- Born: April 19, 1977 (age 49) New York, NY
- Education: Harvard College Baruch College
- Occupation: Superintendent of Seattle Public Schools

= Ben Shuldiner =

Educator (born 1977)

Ben Shuldiner (born April 19, 1977) is an American educator who has served as the superintendent of Seattle Public Schools since February 2026. He previously led the
Lansing School District in Michigan from 2021-2026. Shuldiner was President of the Association for Supervision and Curriculum Development from 2017-18. He was appointed to the New York City Board of Education in 2015.

==Early life and education==
Shuldiner, who is Jewish, was raised in New York City, though his family moved considerably when he was a child due to his father, Joseph Shuldiner's involvement in the movement to improve public housing (Joseph Shuldiner eventually became an undersecretary of housing in the Clinton Administration).

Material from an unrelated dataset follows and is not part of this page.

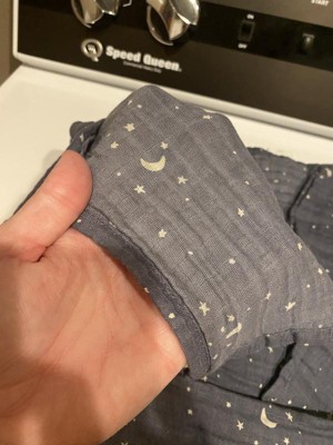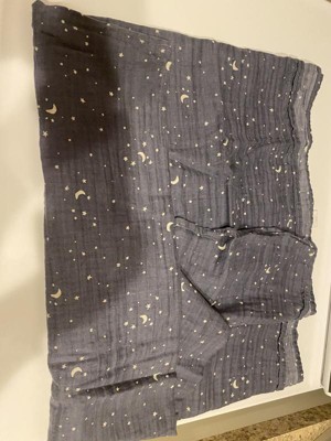 Welcome the newest family member with this Hospital Muslin Swaddle and Hat Gift Set - from Cloud Island™. This two-count set includes a 47-inch square swaddle blanket and a pull-on beanie hat to keep the little one warm all day and night. Decorated with white stars and crescent moons on a dark blue background for a magical look, both items in the set are made of 100% cotton and are machine washable for easy use and convenient cleaning.

Ben Shuldiner attended Harvard University as an undergraduate and was involved in labor activism. He was selected to join the inaugural class of the AFL–CIO's Union Summer, where he worked organizing day care workers in urban Chicago. On campus, he co-founded Harvard's Progressive Student Labor Movement to fight for living wages for university employees and also served as a sports writer for The Harvard Crimson. In addition to his primary study of history of science, he took graduate-level education courses to earn his teaching credentials and graduated with a bachelor's degree in history and science magna cum laude in 1999. He holds a Master of Science in Education from Baruch College.

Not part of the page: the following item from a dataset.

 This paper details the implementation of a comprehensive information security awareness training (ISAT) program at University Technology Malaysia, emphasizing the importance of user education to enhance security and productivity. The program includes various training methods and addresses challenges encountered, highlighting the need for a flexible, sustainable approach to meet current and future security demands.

==Foundation of High School for Public Service (HSPS)==
In 2002, Shuldiner and co-founder Marisa Boan received a grant from the Bill and Melinda Gates Foundation to build a high school that better reflected their vision of a fair public education system, and the High School for Public Service: Heroes of Tomorrow opened on the George W. Wingate High School campus in Crown Heights, Brooklyn in the fall of 2003. The school was founded as one of eight New Visions schools opened in Brooklyn that year in an effort to replace failing high schools with smaller, more successful ones. When the school opened, Shuldiner became the youngest public high school principal in the history of the state of New York. The school enjoyed rapid success and today boasts extraordinary passing rates on the Regents Exams, a 98% graduation rate in 2010, and a unique on-campus urban farm program.

==Political campaign==
Shuldiner was one of four Democratic candidates in the 2006 election to defeat incumbent Republican Sue Kelly for New York's 19th congressional district. His campaign was focused on ending No Child Left Behind and creating a single payer national health care program. Shuldiner lost the nomination to fellow Democrat John Hall, who went on to beat Kelly in a close election.

==Awards and honors==
A lifelong hemophiliac, he was selected as the keynote speaker for the 2003 annual conference of the National Hemophilia Foundation. In 2005, he was chosen from a nationwide pool as the recipient of the prestigious Jefferson Awards for Public Service, "Greatest Public Service by an Individual 35 Years or Under." In 2011, he was an Honoree in the Outstanding Young Educator program by ASCD.